2018 (English)Doctoral thesis, comprehensive summary (Other academic)
Abstract [en]

A multitude of heavy neutral and ionic molecules have been discovered by the Cassini Plasma Spectrometer in the ionosphere of Saturn's largest moon Titan. However, only three cyano anions were explicitly identified there, namely CN-, C3N- and C5N-.  The identity of the heavier anions, which show an abundance maximum at m/z 1000, could, however, not be elucidated and   there is, so far, no clear explanation how these were generated.

We investigated the reaction of the cyanide anion with methyl iodide using a velocity map imaging spectrometer setup and ab initio calculations. The data indicate a dominant direct rebound mechanism and a high internal excitation of the neutral product. According to the ab initio calculation two possible reaction pathways were expected, but in the experiment the two channels turned out to be indistinguishable due to low resolution.

We also studied the reaction between C3N- and acetylene using three different experimental setups: a triple quadrupole mass spectrometer, a tandem quadrupole mass spectrometer, and the ''CERISES'' guided ion beam apparatus.

The reaction showed three primary reaction pathways leading to C2H-, CN-, and C5N-. The production of C2H- could either happen via proton transfer or via formation of an adduct. The appearance of CN- could be explained by a reaction sequence involving an intermediate adduct but also via collision induced dissociation. Even though ab initio calculations predict two exoergic pathways leading to CN- and C5N-, all products are only accessible via energy barriers above 1 eV.
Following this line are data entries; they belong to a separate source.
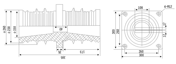 40.5KV穿墻套管為環(huán)氧樹脂APG工藝壓力凝膠成型結(jié)構(gòu),外形結(jié)構(gòu)尺寸大小為128(100×100)mm、高225mm。主要適用于額定電壓為10KV及以下的成套設(shè)備中,作絕緣隔離和聯(lián)接過(guò)度之用。套管耐污及潮濕,無(wú)需特別維護(hù),只需定期地清理表面污質(zhì)。安裝時(shí)母排從孔內(nèi)穿過(guò)。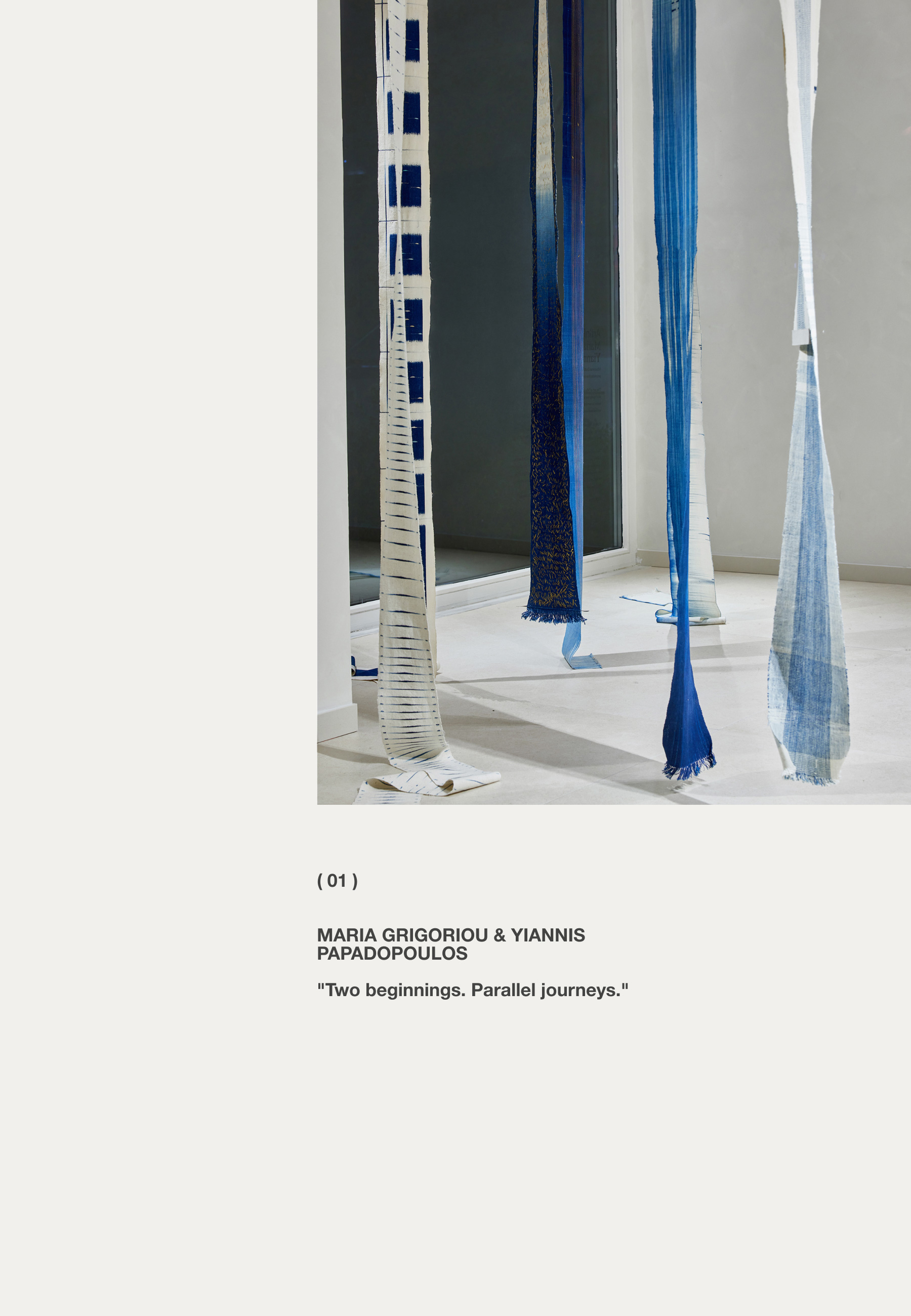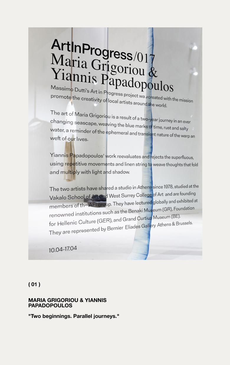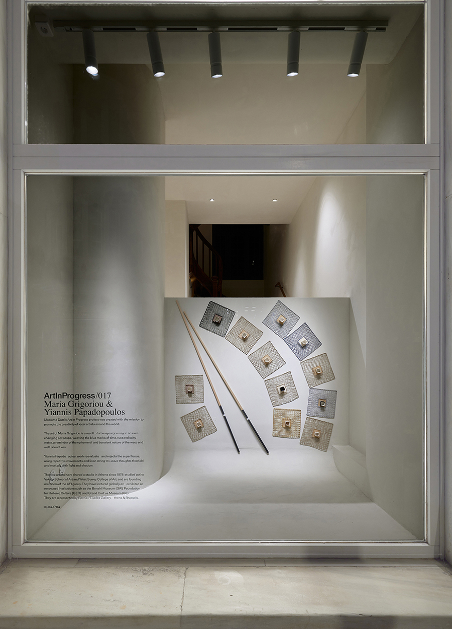 El arte de Maria Grigoriou es el resultado de un viaje de dos años en un paisaje marino en constante cambio, tejiendo las huellas azules del tiempo, el óxido y el agua salada, como un recordatorio de la naturaleza efímera y transitoria de la urdimbre y la trama de nuestras vidas. Por su parte, el trabajo de Yiannis Papadopoulos reevalúa y rechaza lo superfluo, utilizando movimientos repetitivos e hilos de lino para tejer pensamientos que se pliegan y multiplican con la luz y la sombra. Ambos artistas comparten un estudio en Atenas desde 1978 y están representados por la Galería Bernier Eliades en Atenas y Bruselas.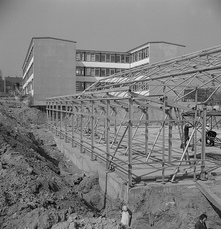 Das Tragwerk ist hier sehr interessant. Die Gründung auf einer Stahlbetonbodenplatte wurde örtlich hergestellt und darauf die vorfertigte Halle montiert. Das Tragwerk der Halle ist ein räumliches Bogentragwerk. Um dieses zu berechnen ist schon ein etwas größerer Planungsaufwand erforderlich. Da dieser Bereich jedoch ein WV-Projekt (Wiederverwendungsprojekt) ist, war dieser Aufwand bezogen auf die große Anzahl der gebauten Hallen sehr gering. Durch den großen Vorfertigungsgrad der gesamten Bauteile konnten also sehr ökonomisch Sporthallen mit wenigen Montagebrigaden errichtet werden.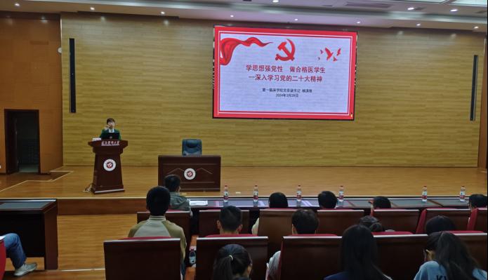 为深入学习习近平新时代中国特色社会主义思想,进一步提升支部师生党员的党性修养,教育青年员工在新征程上立志做有理想、敢担当、能吃苦、肯奋斗的新时代好青年,2024年3月29日晚19:00,第一临床公司党委副书记杨洪艳以“学思想强党性 做合格医员工--深入学习党的二十大精神”为主题讲授专题党课。本次党课在新浦校区道德讲堂进行,永利yl23411本科生第二党支部所有师生党员参与学习。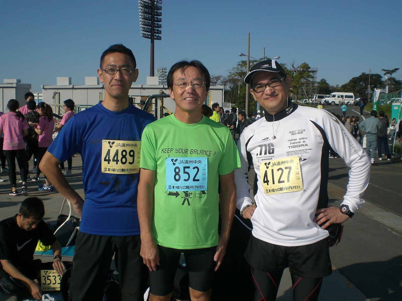 新島先生が見つからなかったので、3人だけのスタート前の記念写真。

In addition, we investigated the reaction between C5N- and acetylene. Also in this case the experimental and theoretical studies revealed that all reaction pathways proceed via energy barriers well above 1 eV. The sole exoergic pathway leading to C7N- has an energy barrier of 1.91 eV.  Since the chemistry in dark interstellar clouds and planetary ionospheres is restricted to exoergic reactions with energy barriers less than 20 meV or proceed in a barrier-less manner (Vuitton et al. Planetary and Space Science 57, 1558-1572 (2009)), none of the observed pathways are feasible growth mechanism in those environments.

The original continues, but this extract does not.